Assim, a recomendação chave para pacientes que tomem quer um antiagregante apenas quer uma combinação, é de não interromper a medicação. Desta forma, para tratamentos dentários que têm probabilidade de causar hemorragia, com baixo ou alto risco de complicações hemorrágicas, deve-se tratar o paciente de forma normal, sem interromper a medicação e ter em conta que a hemorragia pode ser prolongada (mais de 1 hora). Para os pacientes que têm uma combinação de aspirina/clopidogrel com varfarina, e cujos procedimentos dentários a realizar têm risco de causar hemorragia, deve-se falar com o médico assistente para avaliar o risco.
Como devem os médicos dentistas então proceder?
As publicações relacionadas com o controlo dos pacientes que tomam NOAC’s no consultório dentário ainda são limitadas. No entanto, sabe-se que o risco de ter uma complicação hemorrágica grave é muito baixo.

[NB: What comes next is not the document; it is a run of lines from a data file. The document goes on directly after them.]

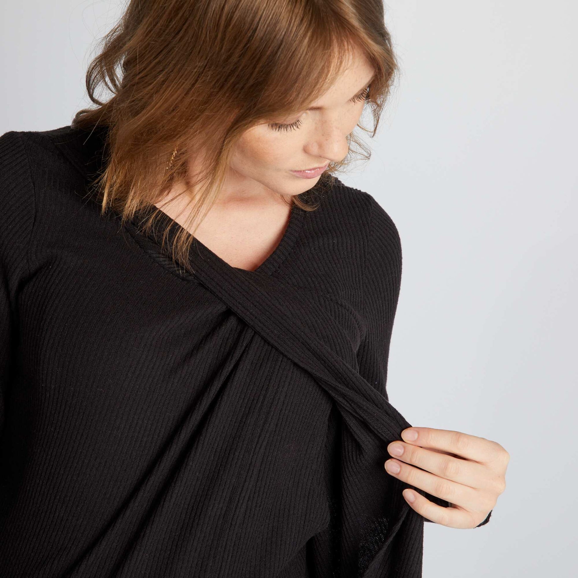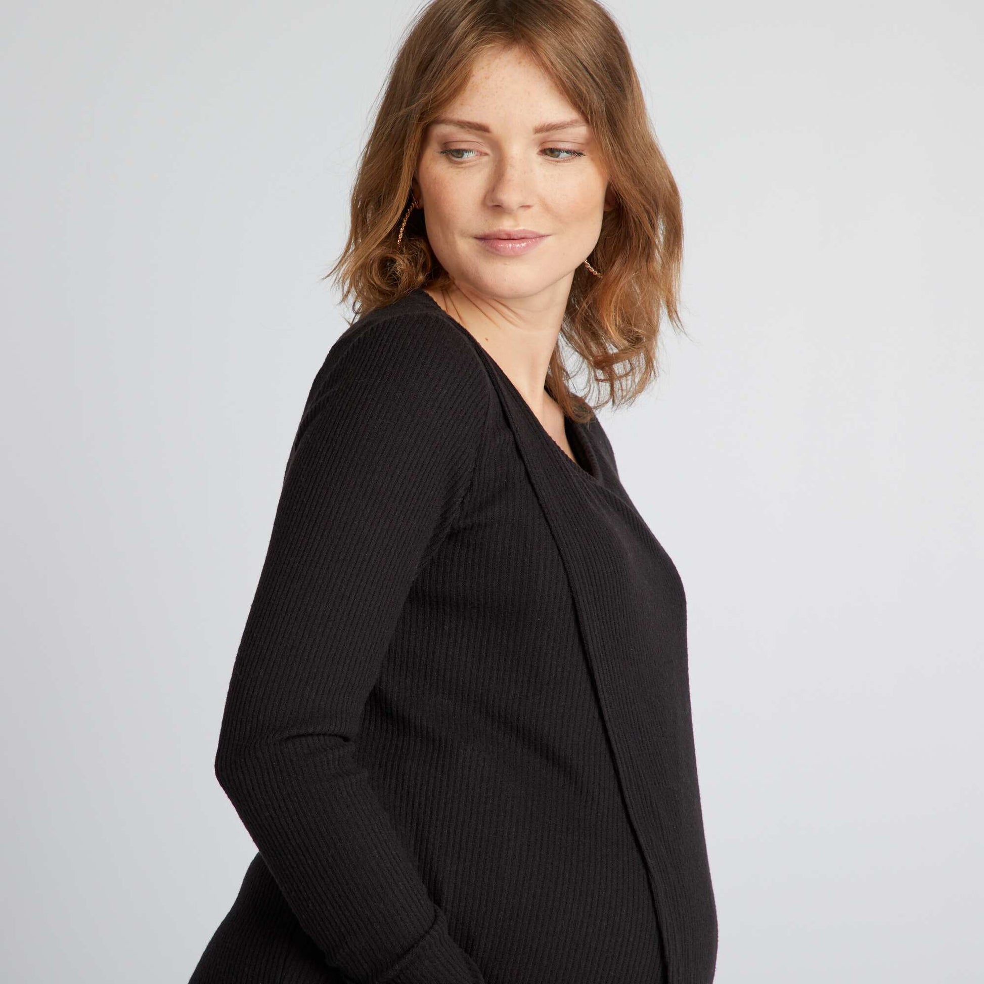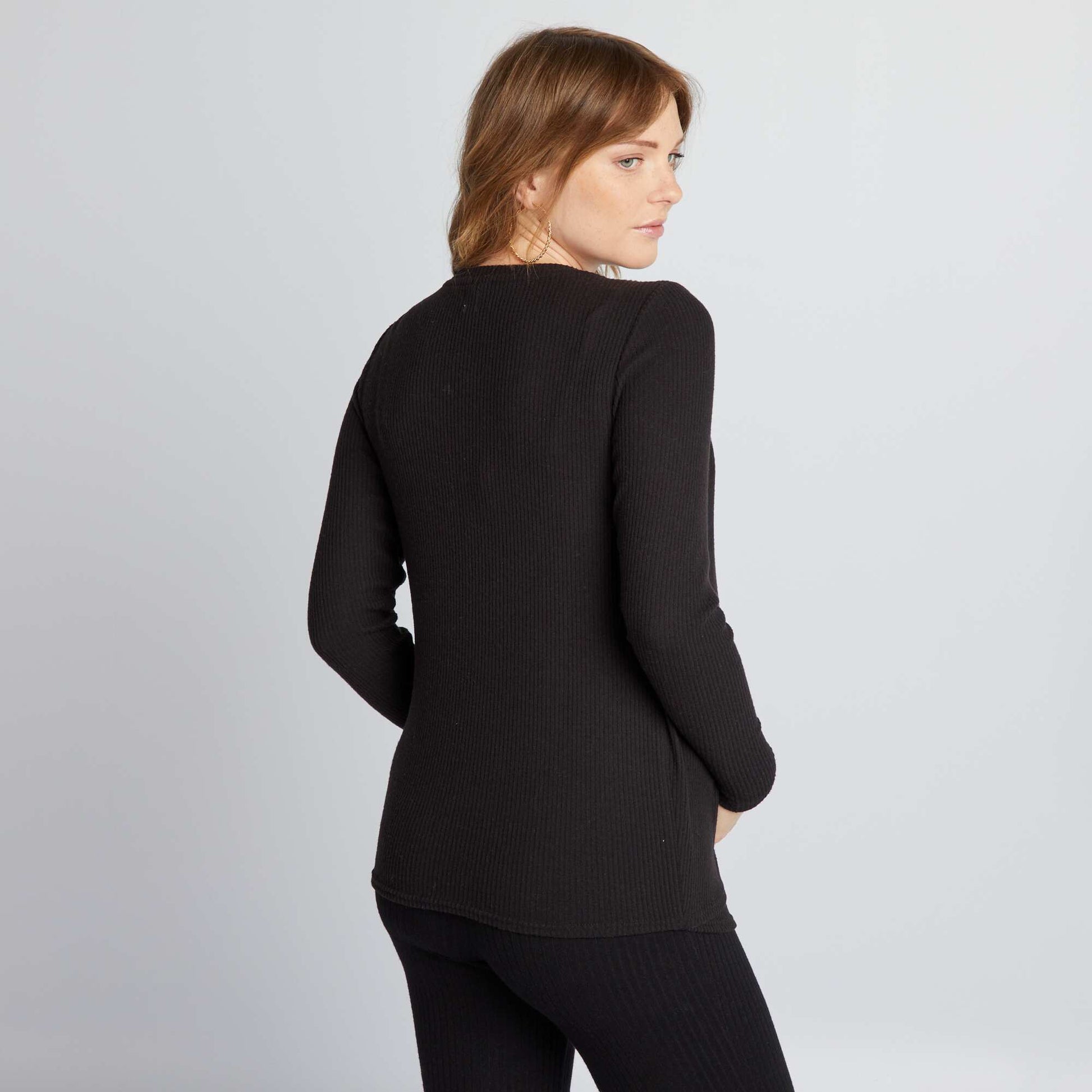 Un t-shirt d'allaitement agr able porter qui facilite l'allaitement ! - T-shirt de grossesse et d'allaitement - En mati re stretch c tel - Encolure ronde - Manches longues - Plastron pour faciliter l'allaitement - Base vas e - Couleur unie - Longueur dos : 60 cm environ - Notre mannequin porte une taille S et mesure 1m75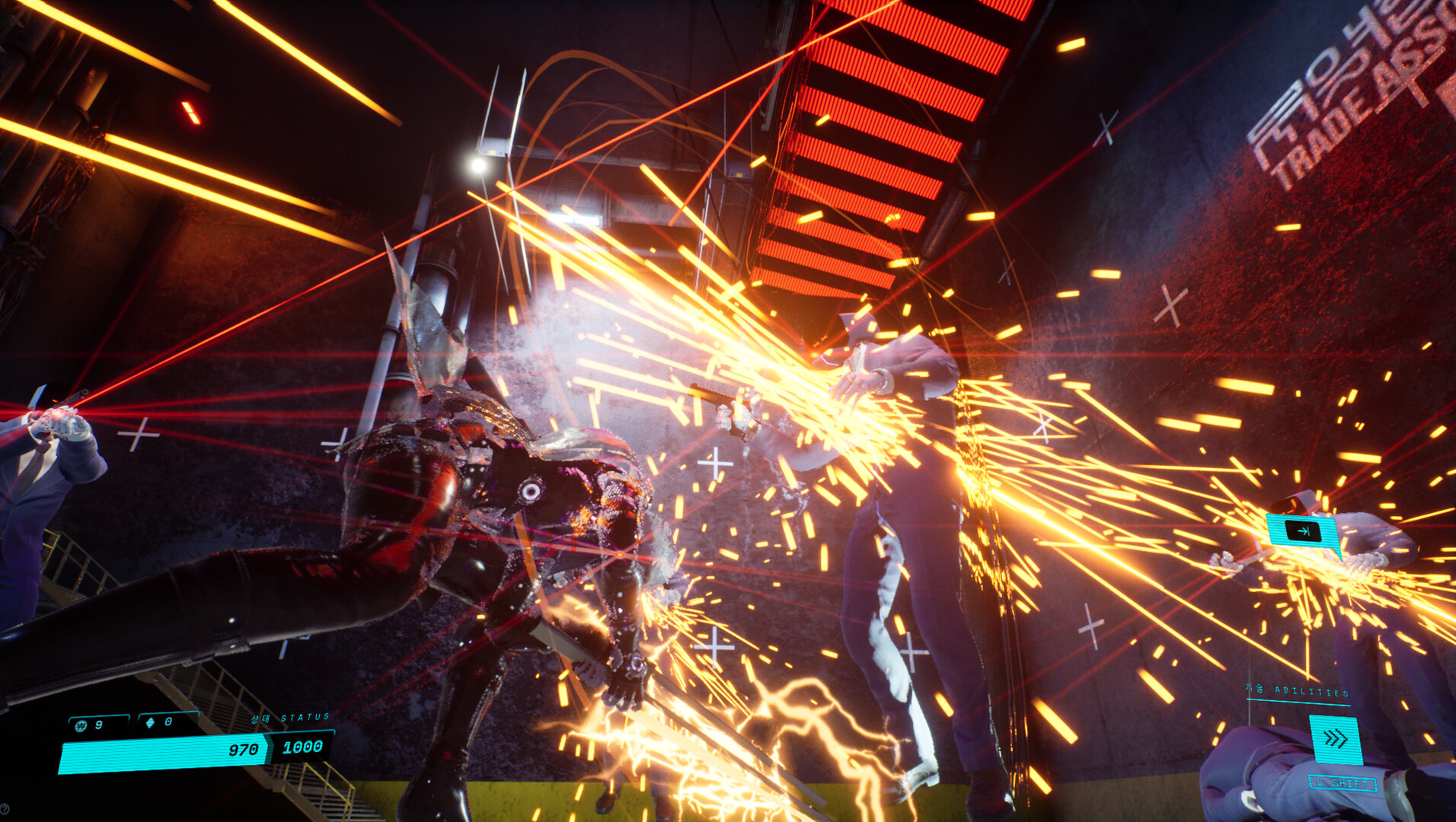 회피, 배면 공격, 시간 멈추기, 칼 던지기, 발차기 등 다양한 기술을 조합하여 적과 싸울 수 있습니다. 적을 해킹하여 다른 적 근처에서 자폭시키거나, 장애물 근처에서 자폭시켜 길을 열 수도 있습니다.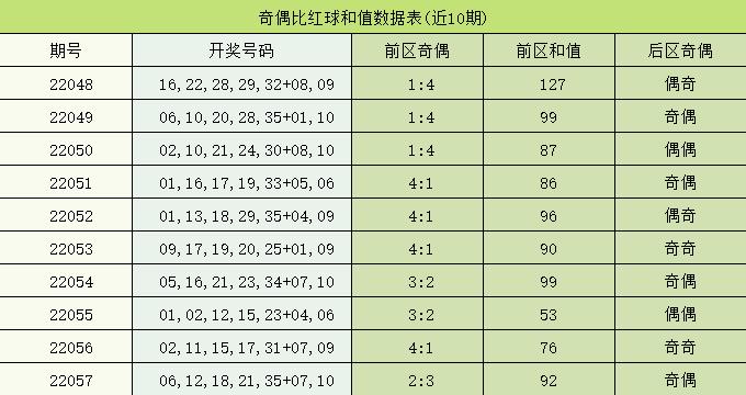 奇偶分析:在大乐透前30期红球中,奇偶比为85:65,上期红球奇偶比为4:1,本期预计奇偶比为3:2。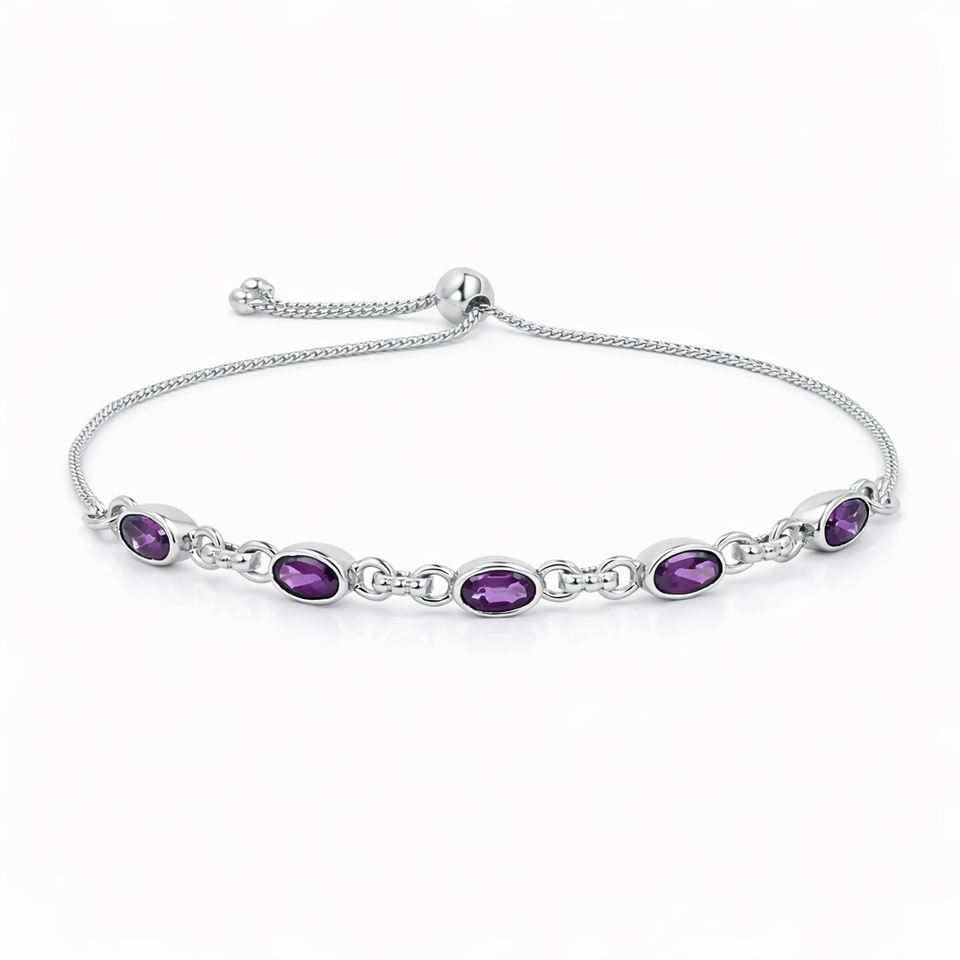 สร้อยข้อมือเงินแท้ 925 ประดับโรโดไลต์การ์เนตหินรูปไข่ห้าเม็ด พร้อมตัวล็อคแบบจุดสามจุด ชุบทองและโรเดียม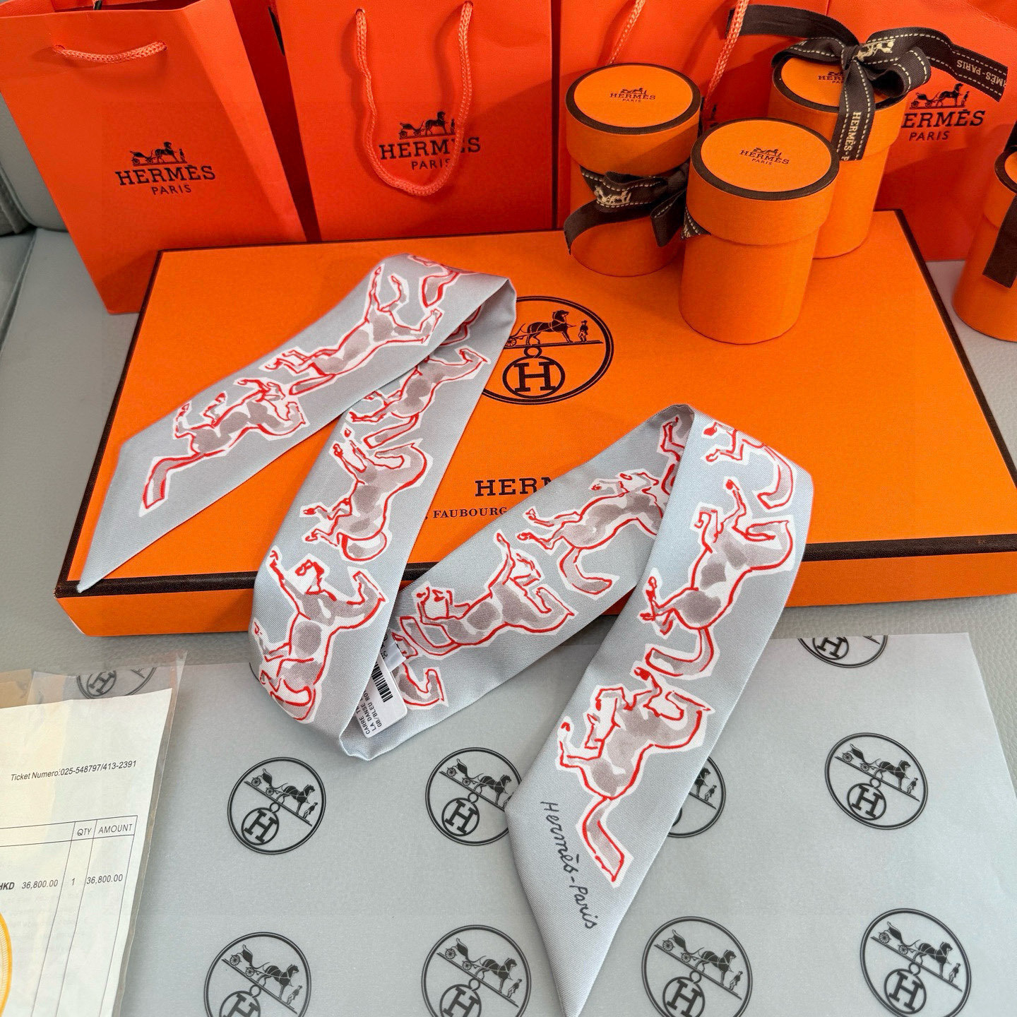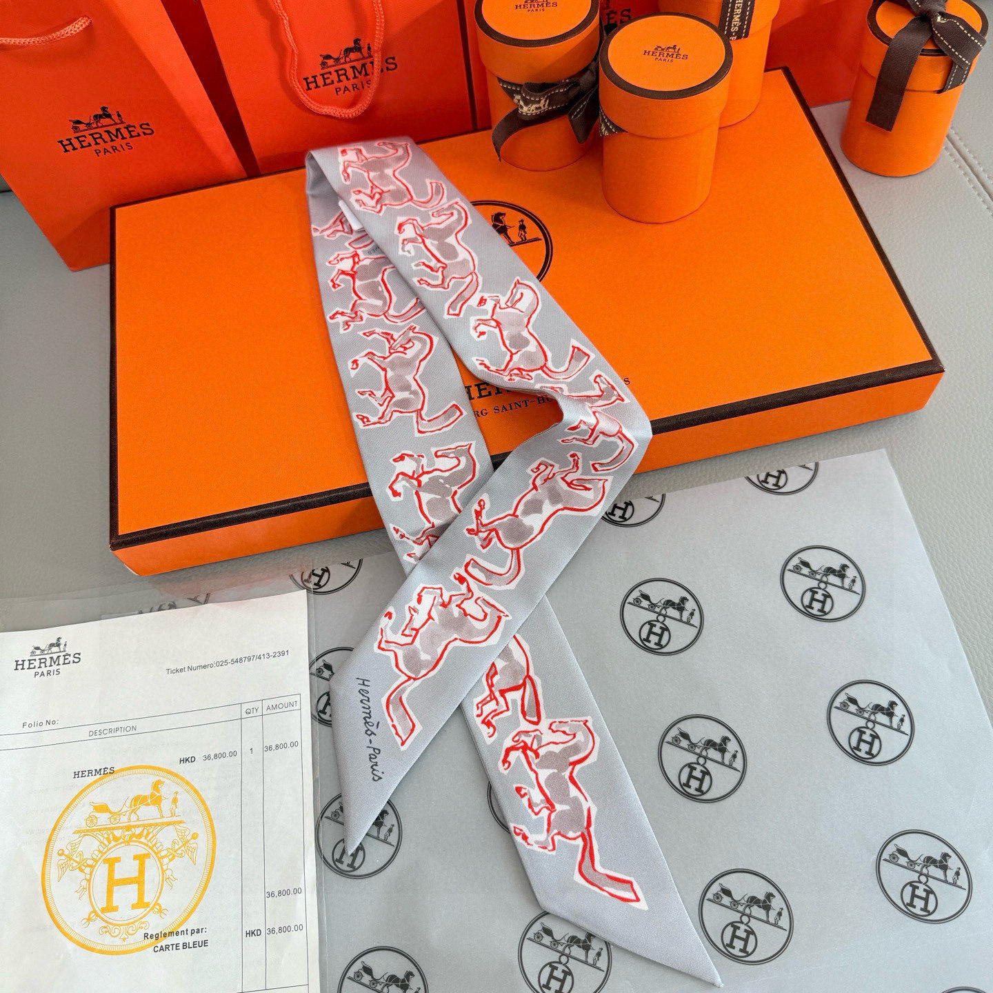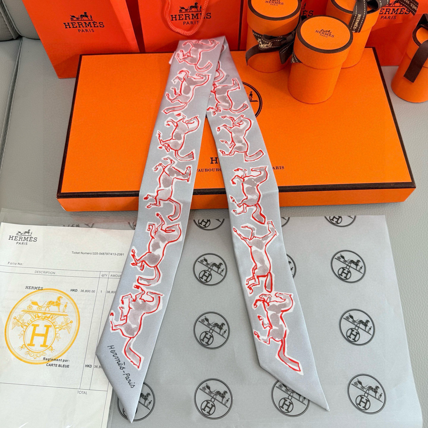 Introducing the Hermès Gray Silk Twilly with Horse Motif

Num estudo retrospetivo realizado em 2021, concluiu-se que as complicações hemorrágicas em pacientes que fazem terapêutica com anticoagulantes e/ou antiagregantes após procedimentos dentários cirúrgicos foram baixas, registando maior incidência em pacientes tratados com NOAC’s (o que sustenta as recomendações europeias de 2015 apresentadas acima), seguidos por aqueles tratados com anticoagulantes e sem complicações em pacientes a fazer terapia antiagregante. De facto, outra revisão sistemática de 2019 também não encontrou diferenças entre a hemorragia pós-operatória em pacientes que pararam a medicação e pacientes que continuaram, portanto, a questão mantém-se: parar ou não parar os NOAC’s antes de procedimentos evasivos? Continua a não haver consenso quanto ao protocolo a seguir em pacientes com terapêutica de NOAC’s e que necessitam de cirurgia oral. No entanto, todos os autores concordam que é necessário individualizar cada caso avaliando a dificuldade do procedimento, o risco de hemorragia, o risco de embolia e a função renal do paciente. À luz da falta de mais estudos, com amostras maiores e metodologias padronizadas, os médicos dentistas podem com as recomendações europeias mencionadas acima efetuar a intervenção com margem de segurança e evitar causar acidentes tromboembólicos por suspender a medicação quando não é necessário ou mais tempo do que o necessário. É preciso também, juntamente com o Médico Especialista, educar os pacientes que vêm com os hábitos antigos e que acreditam que devem suspender a medicação 2 a 3 dias antes de ir ao dentista, e que muitas vezes aparecem na consulta já com a suspensão feita sem indicação de nenhum dos médicos.